*What you need to do*
The answer consists only of the lines from the beginning of the listing below to the line holding "Das schwarze Cap", inclusive, with every picture removed.

*Records*
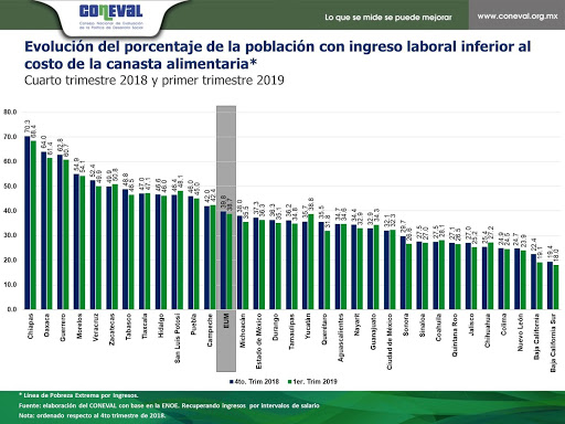 Para el Coneval, las tres entidades federativas que presentaron la mayor reducción en el porcentaje de población en situación de pobreza fueron Aguascalientes, Hidalgo y Tlaxcala.
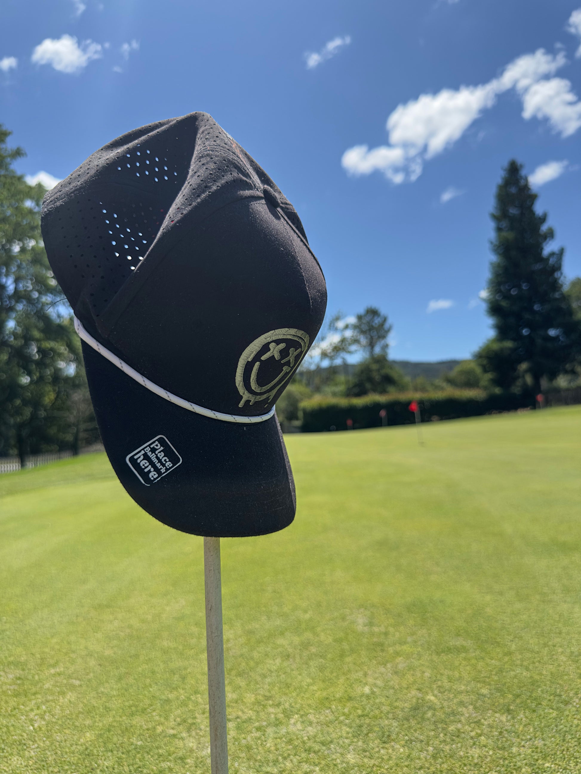 Das schwarze Cap überzeugt mit einer weiß reflektierenden Kordel für einen modernen Look und mehr Sichtbarkeit – perfekt für sonnige Runden oder den späten Abschlag. Auf der Vorderseite prangt das ikonische Smiley-Logo in hochwertiger Stickoptik – ein Symbol für die entspannte, augenzwinkernde Haltung des Happy Bogey Club.
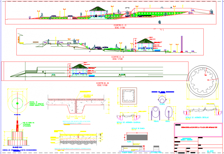 Park-remodel drawing in dwg file. detail drawing of Park-remodel, different types of sections, landscaping foundation details with details and descriptions.
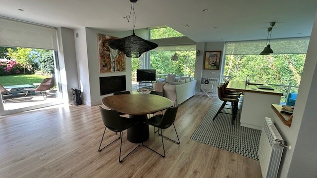 Vivienda exclusiva de 100m2. Espacio acogedor, cómodo e impecable con un interiorismo muy cuidado, optimizando la funcionalidad y la estética tanto en mobiliario como en materiales e iluminación. Dispone de grandes ventanales lo que permite la entrada de mucha luz natural y vistas panorámicas a la finca. Está equipada con todo lo necesario para seis huéspedes. Está rodeada de jardín de unos 300 m2 delimitados con un cierre de hayas en crecimiento y dotada de piscina con agua de manantial.
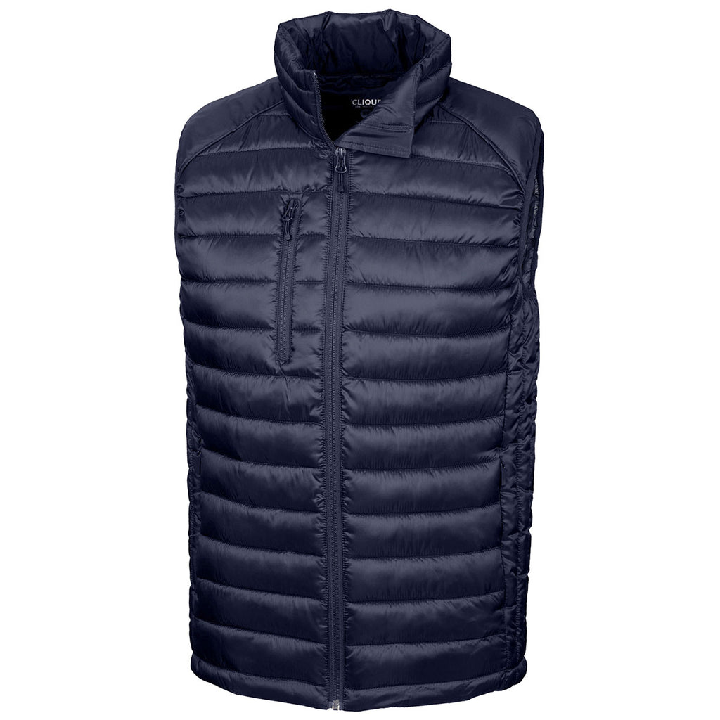 The Clique Men's Dark Navy Hudson Vest is a stylish way to stay warm. This custom logo men's vest comes in a variety of trendsetting colors and offers welcome features including 100% polyester material, water resistant quilted shell, zippered front pockets, and adjustable drawcord hem. Put your company logo on this men's vest and hand it out to your employee apparel as gift for a job well done. You can also order some to keep on hand for upcoming golf events, trade shows, and other corporate events.Corresponding Women's Style:Clique Women's Dark Navy Hudson Vest
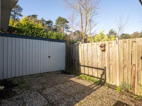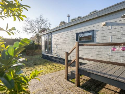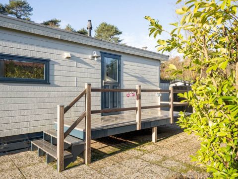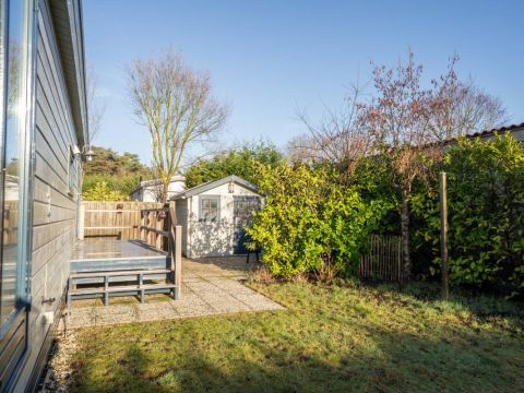 Tuin | Buiten ervaart u de rust en privacy die deze locatie zo bijzonder maken. Aan de zijkant van het chalet ligt een betegeld terras, perfect om van de zon te genieten of een goed boek te lezen. Rust & veel groen!

*Reply*
 Para el Coneval, las tres entidades federativas que presentaron la mayor reducción en el porcentaje de población en situación de pobreza fueron Aguascalientes, Hidalgo y Tlaxcala.
 Das schwarze Cap überzeugt mit einer weiß reflektierenden Kordel für einen modernen Look und mehr Sichtbarkeit – perfekt für sonnige Runden oder den späten Abschlag. Auf der Vorderseite prangt das ikonische Smiley-Logo in hochwertiger Stickoptik – ein Symbol für die entspannte, augenzwinkernde Haltung des Happy Bogey Club.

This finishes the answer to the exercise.